RECORDED DATA START

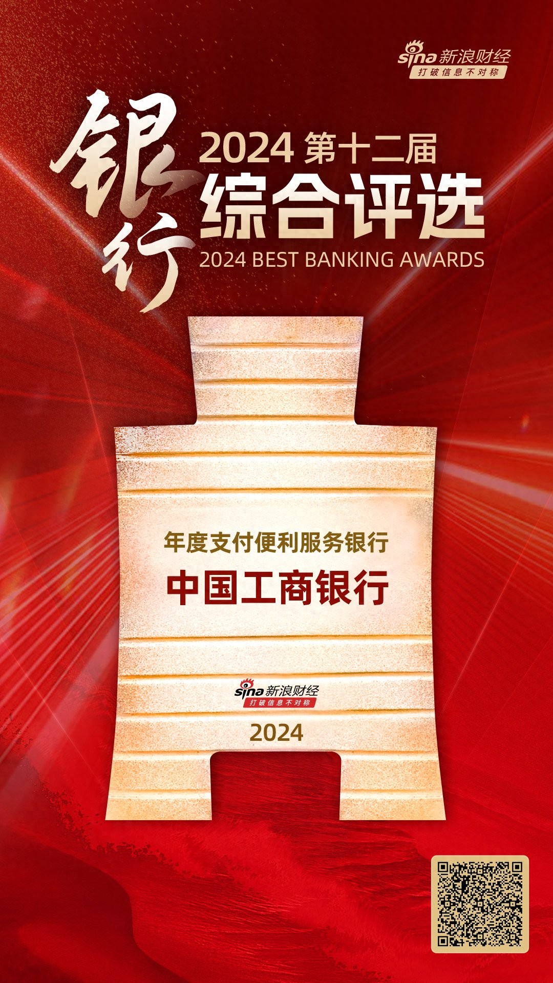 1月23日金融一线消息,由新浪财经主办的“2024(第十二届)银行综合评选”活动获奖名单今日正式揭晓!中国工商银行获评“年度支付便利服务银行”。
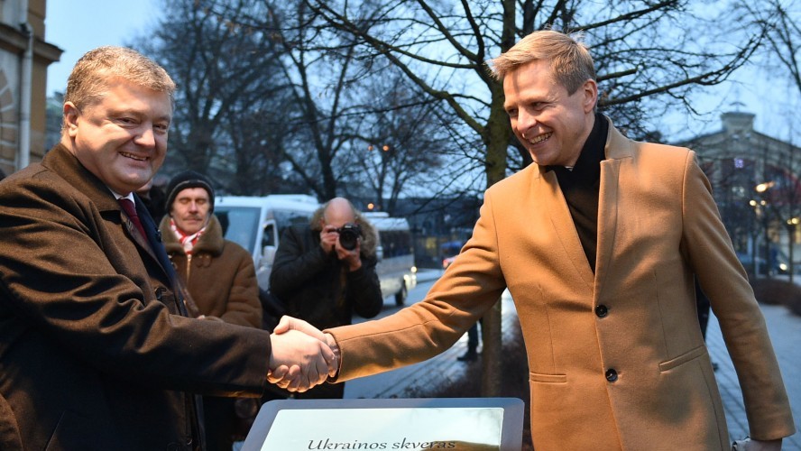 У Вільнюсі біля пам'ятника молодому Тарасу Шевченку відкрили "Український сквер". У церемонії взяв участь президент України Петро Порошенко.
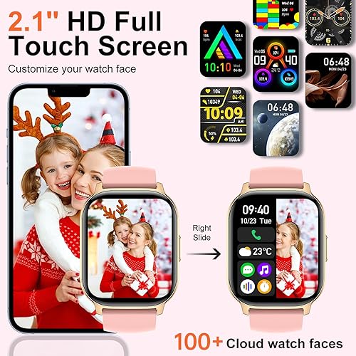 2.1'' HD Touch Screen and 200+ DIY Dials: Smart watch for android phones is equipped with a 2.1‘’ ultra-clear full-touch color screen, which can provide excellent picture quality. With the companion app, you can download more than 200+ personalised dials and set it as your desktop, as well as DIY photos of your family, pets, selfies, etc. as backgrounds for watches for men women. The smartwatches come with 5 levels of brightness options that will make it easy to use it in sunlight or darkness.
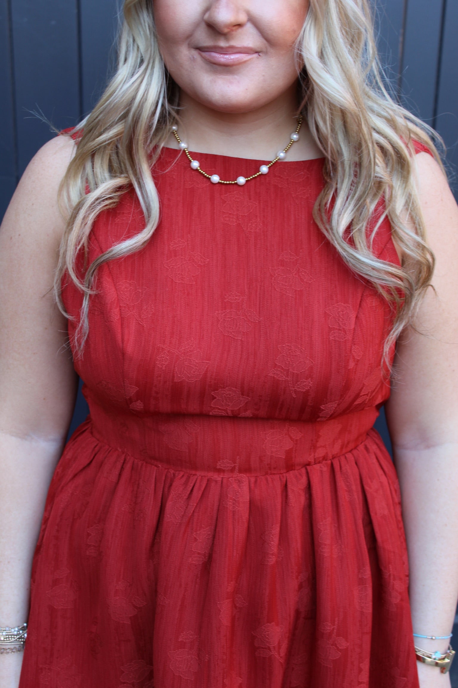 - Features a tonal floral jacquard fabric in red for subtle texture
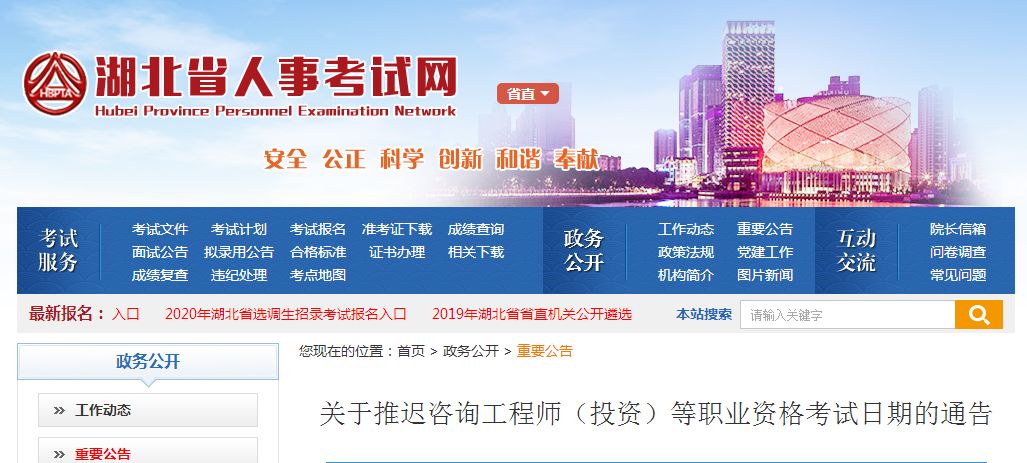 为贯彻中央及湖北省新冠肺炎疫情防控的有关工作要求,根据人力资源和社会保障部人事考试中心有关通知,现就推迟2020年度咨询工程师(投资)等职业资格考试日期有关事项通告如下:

RECORDED DATA END

With the pictures left out, give again exactly the lines from the one that contains "- Features a" through the final line of the data above.

 - Features a tonal floral jacquard fabric in red for subtle texture
 为贯彻中央及湖北省新冠肺炎疫情防控的有关工作要求,根据人力资源和社会保障部人事考试中心有关通知,现就推迟2020年度咨询工程师(投资)等职业资格考试日期有关事项通告如下:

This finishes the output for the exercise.